### RAW DATA
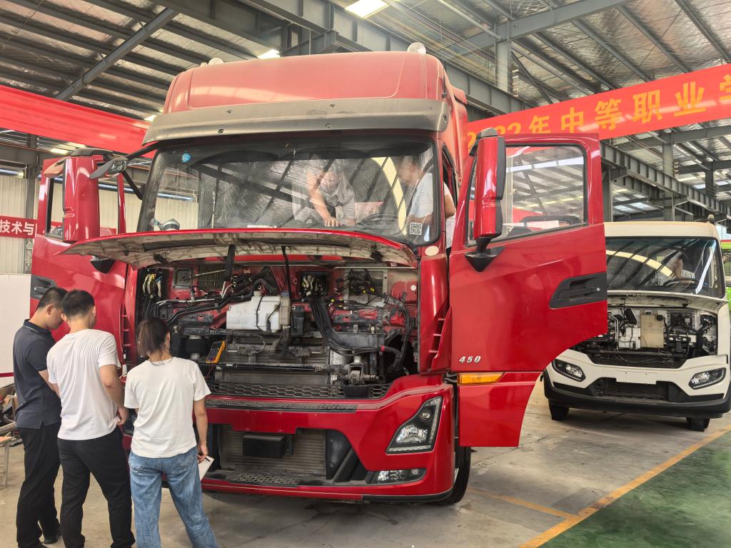 作为十堰市高技能人才培训基地,世俱杯买球入口始终紧扣地方“一主四优多支撑”产业发展体系,精准对接东风商用车技术升级与人才需求,构建了“理论筑基、实操赋能、案例攻坚”的三维培训课程体系。培训内容既涵盖商用车发动机、底盘、电气系统等传统核心模块,详解柴油发动机高压共轨技术,又聚焦国六排放控制技术、智能诊断设备操作等前沿内容,全面覆盖商用维修技师必备的专业技能。
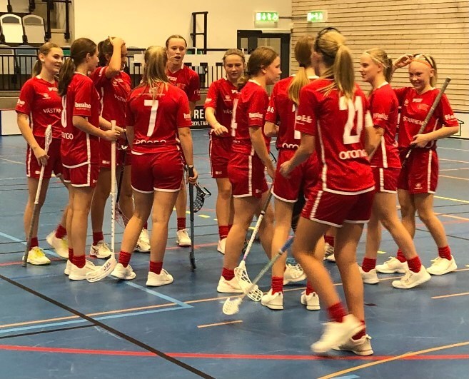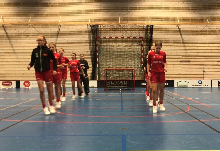 Denna soligt fina höstdag fick vi bocka av en ny arena på vår bucket-list, Tinas Ö i Värnamo. Det tog ett litet tag innan tjejerna vande sig vid det något hårda och studsiga underlaget, men det var inget som störde alltför mycket. Idag var första gången vi kom till spel med 3 hela femmor, och vi gav formationerna lite olika taktiska direktiv som de uppfyllde med bravur. Värnamo hade för dagen problem att få tag i en mv och hade därför lånat in en äldre mv (-04), vilket vi accepterade för att slippa ställa in/flytta matchen. Det var dock inget vi berättade för tjejerna före matchen. Vi pratade dock om att de hade en stor mv och vi var tvungna titta upp och söka luckorna, samt försöka få förflyttning mha diagonalpass och direktskott. Värnamo satte hög press med tufft fysiskt spel men när vi kom loss från den fanns stora ytor att spela upp på. Ganska tidigt fick vi ett ledningsmål, men redan bytet efter var det kvitterat. Det dröjde dock inte länge innan vi återigen tog ledningen och dessutom kunde utöka ledningen innan paus med matchens delikatess, där bollen gick som på ett snöre mellan tjejerna innan Filippa L. med en öppnande diagonalpassning hittade en fristående Siri som drog till med ett direktskott i öppen kasse. Vi hade bra kontroll på spelet och använde hela laget fint i anfallsspelet, men var tvungna att hela tiden vara vaksamma på Värnamos rakare och längre kontringsspel. Återigen startade Värnamo piggt i andra och fick en tidig lyckosam reducering på ett långskott från halva plan där Nova var skymd. Vi är dock trygga i vårt passningsspel och fortsatte spela vårt spel vilket till slut ledde till utökad ledning med 2-4 i mitten av ande perioden. Sista 5 minuterna av andra drog vi på oss 2 utvisningar i följd och fick öva lite på box play också, vilket vi gjorde superbra, och höll långa stunder i bollen och ”dödade” tid. Bra träning! Sista perioden kändes som vi hade bra kontroll på matchen även om det målmässigt fortfarande var jämnt. Redan efter 1 minut kunde Agnes W. på egen hand utöka ledningen till 2-5 med en bollvinst på mittplan efter bra utförd press av hela femman, och driva fram med boll genom mitten och avlossa ett kontrollerat skott intill stolpen. Vi fortsatte skapa många fina chanser men lyckades inte få in fler mål. Stundtals var det lite tuffa dueller även idag, men trots att några tjejer åkte på ett par tuffa smällar som kändes så var det inget gnäll och vi blir bättre och bättre på att själva delta i det fysiska spelet och inte bli passiva och vika undan. Vi är ännu inte på vår absoluta topp, och har en hel del saker att fortsätta jobba med, men vi har ett härligt go i laget nu, många tjejer på träningarna och det gör att vi hela tiden tar kliv framåt i vår utveckling. Fortsätt så, tjejer!
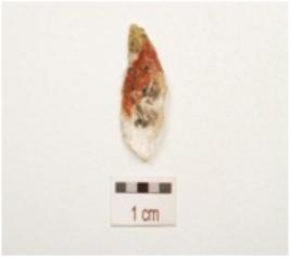 | Description / विवरण | A flake made on quartz crystal flake scars on surface, prepared platform and prominent bulb on ventral side. |

### EXERCISE
Return all the lines above exactly; none of the pictures should appear.

### EXERCISE RESULT
 作为十堰市高技能人才培训基地,世俱杯买球入口始终紧扣地方“一主四优多支撑”产业发展体系,精准对接东风商用车技术升级与人才需求,构建了“理论筑基、实操赋能、案例攻坚”的三维培训课程体系。培训内容既涵盖商用车发动机、底盘、电气系统等传统核心模块,详解柴油发动机高压共轨技术,又聚焦国六排放控制技术、智能诊断设备操作等前沿内容,全面覆盖商用维修技师必备的专业技能。
 Denna soligt fina höstdag fick vi bocka av en ny arena på vår bucket-list, Tinas Ö i Värnamo. Det tog ett litet tag innan tjejerna vande sig vid det något hårda och studsiga underlaget, men det var inget som störde alltför mycket. Idag var första gången vi kom till spel med 3 hela femmor, och vi gav formationerna lite olika taktiska direktiv som de uppfyllde med bravur. Värnamo hade för dagen problem att få tag i en mv och hade därför lånat in en äldre mv (-04), vilket vi accepterade för att slippa ställa in/flytta matchen. Det var dock inget vi berättade för tjejerna före matchen. Vi pratade dock om att de hade en stor mv och vi var tvungna titta upp och söka luckorna, samt försöka få förflyttning mha diagonalpass och direktskott. Värnamo satte hög press med tufft fysiskt spel men när vi kom loss från den fanns stora ytor att spela upp på. Ganska tidigt fick vi ett ledningsmål, men redan bytet efter var det kvitterat. Det dröjde dock inte länge innan vi återigen tog ledningen och dessutom kunde utöka ledningen innan paus med matchens delikatess, där bollen gick som på ett snöre mellan tjejerna innan Filippa L. med en öppnande diagonalpassning hittade en fristående Siri som drog till med ett direktskott i öppen kasse. Vi hade bra kontroll på spelet och använde hela laget fint i anfallsspelet, men var tvungna att hela tiden vara vaksamma på Värnamos rakare och längre kontringsspel. Återigen startade Värnamo piggt i andra och fick en tidig lyckosam reducering på ett långskott från halva plan där Nova var skymd. Vi är dock trygga i vårt passningsspel och fortsatte spela vårt spel vilket till slut ledde till utökad ledning med 2-4 i mitten av ande perioden. Sista 5 minuterna av andra drog vi på oss 2 utvisningar i följd och fick öva lite på box play också, vilket vi gjorde superbra, och höll långa stunder i bollen och ”dödade” tid. Bra träning! Sista perioden kändes som vi hade bra kontroll på matchen även om det målmässigt fortfarande var jämnt. Redan efter 1 minut kunde Agnes W. på egen hand utöka ledningen till 2-5 med en bollvinst på mittplan efter bra utförd press av hela femman, och driva fram med boll genom mitten och avlossa ett kontrollerat skott intill stolpen. Vi fortsatte skapa många fina chanser men lyckades inte få in fler mål. Stundtals var det lite tuffa dueller även idag, men trots att några tjejer åkte på ett par tuffa smällar som kändes så var det inget gnäll och vi blir bättre och bättre på att själva delta i det fysiska spelet och inte bli passiva och vika undan. Vi är ännu inte på vår absoluta topp, och har en hel del saker att fortsätta jobba med, men vi har ett härligt go i laget nu, många tjejer på träningarna och det gör att vi hela tiden tar kliv framåt i vår utveckling. Fortsätt så, tjejer!
 | Description / विवरण | A flake made on quartz crystal flake scars on surface, prepared platform and prominent bulb on ventral side. |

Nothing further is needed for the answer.